The Mandatory Nature of CPD

Love it or hate it, we all have to do continuing professional development (CPD).

One lawyer hated it so much that he refused to do it at all. When the Law Society of Manitoba automatically suspended him, he took his challenge all the way to the Supreme Court of Canada.

As you might expect, the lawyer was unsuccessful on his appeal in Green v. Law Society of Manitoba, released this week. The law society was empowered under the Legal Profession Act to achieve its mandate of self-regulation and protecting the public interest. The power to create a CPD scheme must also come with the power to enforce a CPD scheme.

Justice Abella’s dissent didn’t take issue with the ability of the law society to suspend a lawyer for refusing to follow the rules. She took issue with their ability to do so automatically, without a right to hearing or opportunity to make representations. Of course the suspended lawyer did make representations, but only in his application for declaratory relief to the court, and through his counsel.

The lawyer in question had been practicing for over 60 years, which is quite an accomplishment in itself. He likes to point out that there was no (official) indication of incompetence necessitating his suspension. Perhaps it’s for the best, but he’s chosen to retire now rather than to take the mandatory CPD, which would have automatically had him reinstated.

Aside from the fact that he was being compelled to do it, I’m not exactly sure what the lawyer was objecting to with mandatory CPD. Granted, many lawyers simply complete it to check off a box. But many more actually benefit from CPD, gaining useful insight into strategy and techniques, obtaining copies of checklists and precedents, or learning about new and emerging areas of law.

The social aspect of CPDs are also a significant draw. The isolation often experienced by practice is often ameliorated by greater informal interactions in the bar. Frequent interactions of this type are also likely to enhance civility.

Of course if you hate all the other lawyers in your jurisdiction and want nothing to do with them, there are still other options. If you’re feeling particularly like a recluse, you can often engage in self-study. However, I don’t think this lawyer was a particular hermit because he was a life-bencher of Manitoba’s law society. Those guys like to talk.

I’ve lived in Manitoba though, and I know how cold it gets in winters. Sometimes you just want to stay home. These days you can do all your CPD by webinar, but that presumes you have a computer and know how to use it. If you don’t, well, there is CPD for that as well.

Personally, I’d be interested in hearing more from this lawyer about his objections to mandatory CPD. Maybe in person. Possibly at a conference.

The reason I know that will never happen is that speaking at a legal conference is also usually eligible for CPD credits. If we did give this lawyer to speak at a conference, his entire case would automatically fall apart.

I guess taking a losing case to the Supreme Court of Canada on CPD speaks for itself.



  1. CPD of inadequate content can be worse than no CPD. It perpetuates its limitations to a wider audience.

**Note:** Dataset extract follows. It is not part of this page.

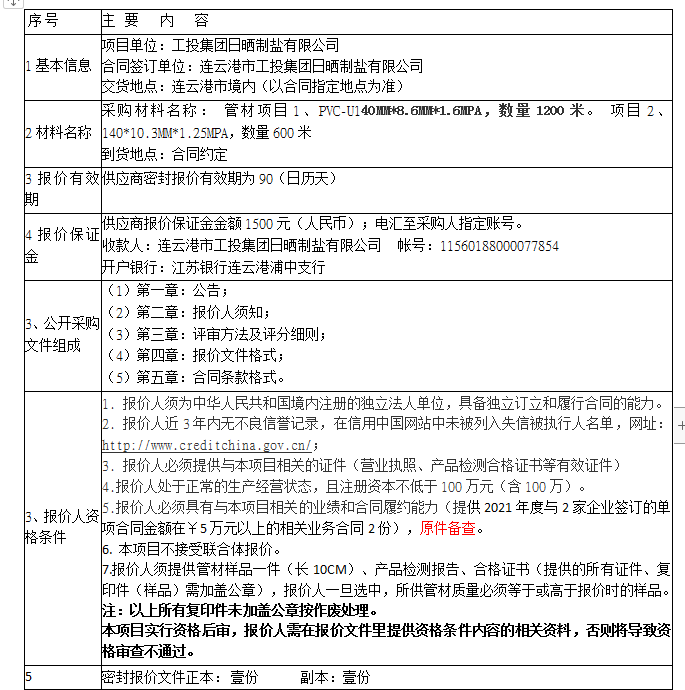 報(bào)價(jià)保證金接收人:連云港市工投集團(tuán)日曬制鹽有限公司。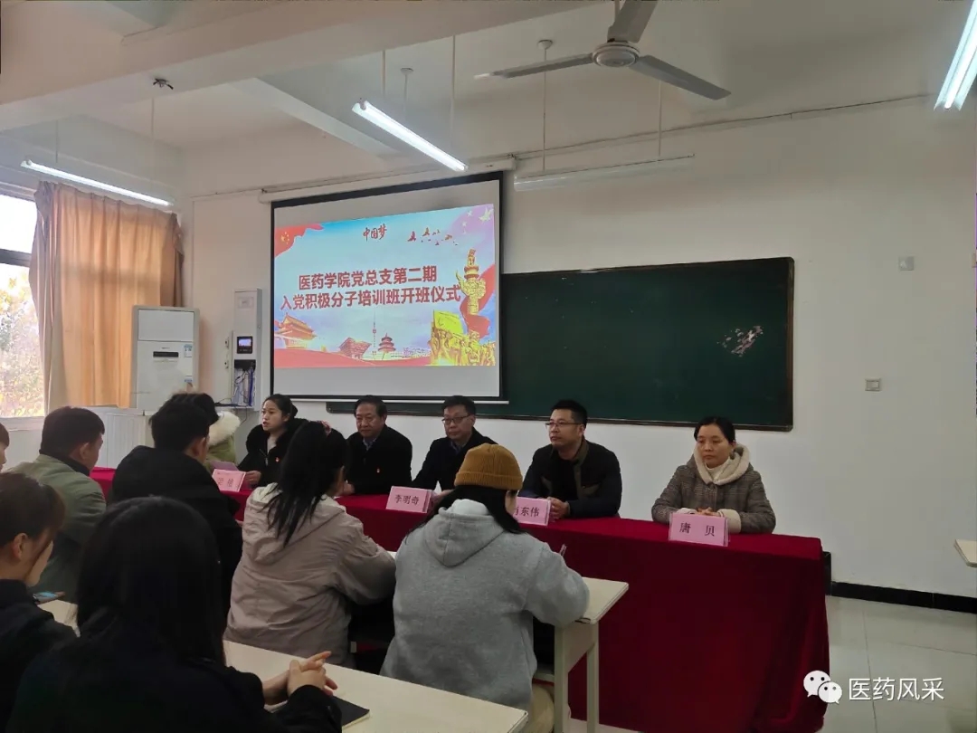 为加强学生入党积极分子的党性培养,深化党的基本理论、基本知识的教育,2020年11月24日中午,医药学院党总支在教学楼203教室举行了2020年度入党积极分子培训开班仪式。医药学院院长韩宝来、党总支书记李明奇、党总支副书记梁艳和其他党总支委员以及医药学院117名入党积极分子参加了开班仪式。开班仪式由党总支副书记梁艳主持。

And so the case law’s inadequacies cycle faster and further through the law reports, instead of improving on content.
    For example, complex technology is now producing most of the evidence, but the case law shows only a very superficial knowledge of it, and of the fact that it’s been technology-produced. CPD is still far from containing enough of the detailed information needed to conduct a cross-examination that actually challenges the reliability of the evidence that technology produces.
    For example, these frequently used evidence-producing types of technology go unchallenged: (1) mobile phone tower location evidence used to locate us-very frequently used because we all carry mobile phones; (2) breathalyzer/intoxilyzer readings; (3) electronic records management systems (records are now the most frequently used kind of evidence); and, (4) the technology that produces the data used to formulate expert opinion evidence.
    The more complex the technology, the more ways it can break down and fail, and the more demanding must be its maintenance procedures, and the more demanding and complex must be the legal infrastructure needed to regulate its use, to guarantee the reliability of the evidence it produces, and guarantee a sufficiently low probability of wrongful convictions and judgments.
    For example, Ontario Court of Appeal case law now states that it is no longer necessary to call expert opinion evidence to establish that the mobile phone tower closest to the phone in question, is the one that transmits the call. In fact, there are several frequently operating exceptions (see: R.P. Coutts and H. Selby, “Problems with cell phone evidence tendered to ‘prove’ the location of a person at a point in time,” (2016), 13 Digital Evidence and Electronic Signature Law Review 76-87 (pdf.)). And all such technical systems are maintained to a commercial standard of performance only; not to a, “proof beyond a reasonable doubt standard.” See e.g., these 2 voir dire, murder trial decisions: R. v. Oland 2015 NBQB 245 (the data admissibility decision), & 244 (the opinion evidence admissibility decision based upon the data’s admissibility). Meaning: ask, is there independent corroboration, or does this technical system have to prove its own reliability?
    The fault (the original sin) lies within the “stars” of our law schools, i.e., insufficient awareness created as to the many-faceted dependence of law upon technology. Now, there’s only a small and rapidly shrinking quantity of evidence that is not technology-dependent.
    Maybe it’s now better to have an engineering degree than an arts degree as the basis of an application to get into law school. And apply to a better law school too.